Why do we have an alkyl shift rather than epoxidation in a pinacol reaction? I don't understand why the hydroxyl group doesn't attack the positive charge.
Answer
Excellent question.
When the first Pinacol rearrangements were being studied, there was a suggestion that the product of the reaction was indeed the epoxide (migrations/shifts weren't well known reactions at this point in time, and methods of characterisaton were limited). The reaction that was being attempted is shown below (source: Wikipedia), however at this point there was even dispute over the structure of acetone, further adding to the complications.
One of the first reports of a Pinacol rearrangement
Today, we of course know that Pinacol and semi-Pinacol rearrangements occur when vicinal diols are treated with protic acid (or Lewis acids) to give the carbonyl product as a result of a [1,2]- alkyl shift.

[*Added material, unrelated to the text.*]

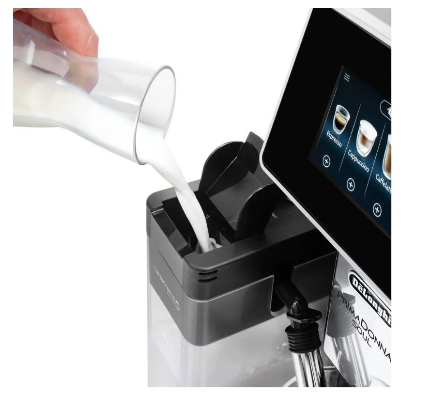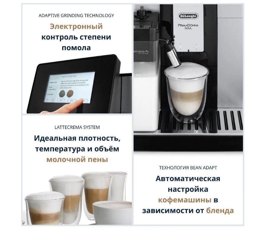Заказать кофе и получить за считанные минуты качественно приготовленный ароматный напиток можно не только в хорошей кофейне. Бункер для зерен вмещает в себя 500гр. Металлическая кофемолка с плоскими жерновами оснащена системой электронного контроля степени помола (Adaptive Grinding Technology). Кофемашина оснащена запатентованной технологией Bean Adapt – вы выбираете сорт кофе и степень обжарки, в программе есть возможность выбора арабики или робусты, а также 4-х степеней обжарки. Процесс настройки напитка сопровождается визуальными подсказками на дисплее кофемашины, либо на дисплее смартфона. После вашего выбора машина сама подбирает оптимальные настройки помола, темпирования и заваривания. В кофемашине доступны 18 предустановенных рецептов и 5 пользовательских профилей, благодаря которым, вы можете сохранять свои персональные настройки напитка в памяти кофемашины и управлять ими с помощью мобильного приложения Coffee Link. Благодаря запатентованной системе LatteCrema System кофеварка приготовит любой кофейно-молочный напиток с идеальным балансом кофе и молока. Теперь капучино, латте макиато или горячее молоко можно приготовить так же просто, как и стандартный эспрессо. Автоматическая кофемашина DeLonghi PrimaDonna Soul предлагает широчайшую кофейную карту, новые технологические решения и сдержанный классический дизайн. Эта кофемашина поможет раскрыть «душу кофе», ведь как следует из её названия – она для этого создана. За кофемашиной просто ухаживать: контейнеры для воды, гущи, лоток для сбора капель, узел подачи молока и заварочный блок съемные – их легко промывать. Для удаления накипи есть специальный цикл декальцинации, о необходимости его запуска оповестит индикатор.

Source: Strategic Applications Of Named Reactions. Wiley.
Looking at the mechanism (below), we first have a rate-determining loss of water via protonation-elimination. This generates the all important cationic intermediate.
The simple answer to your question is that rearrangement occurs faster than epoxidation (which is never observed to any significant extent), this is intuitive if we consider that:
Under the acidic conditions, the alcohol required to form the epoxide is fully protonated, and hence not a very good nucleophile (in agreement with R-OH generally being a poor nucleophile except in basic conditions where we get the anionic alkoxide RO(-)
The migration generates a more stabilised carbocation by the influence of the oxygen LP donating into the carbocation to form the resulting ketone.
Source: Strategic Applications Of Named Reactions. Wiley.
As an aside, if you'd kept reading through Clayden by another page or so, you would have discovered that epoxides also undergo Pinacol-type rearrangements, so realistically even if the epoxide did form, it would simply re-open under the acidic/Lewis-acidic conditions before undergoing a rearrangement reaction.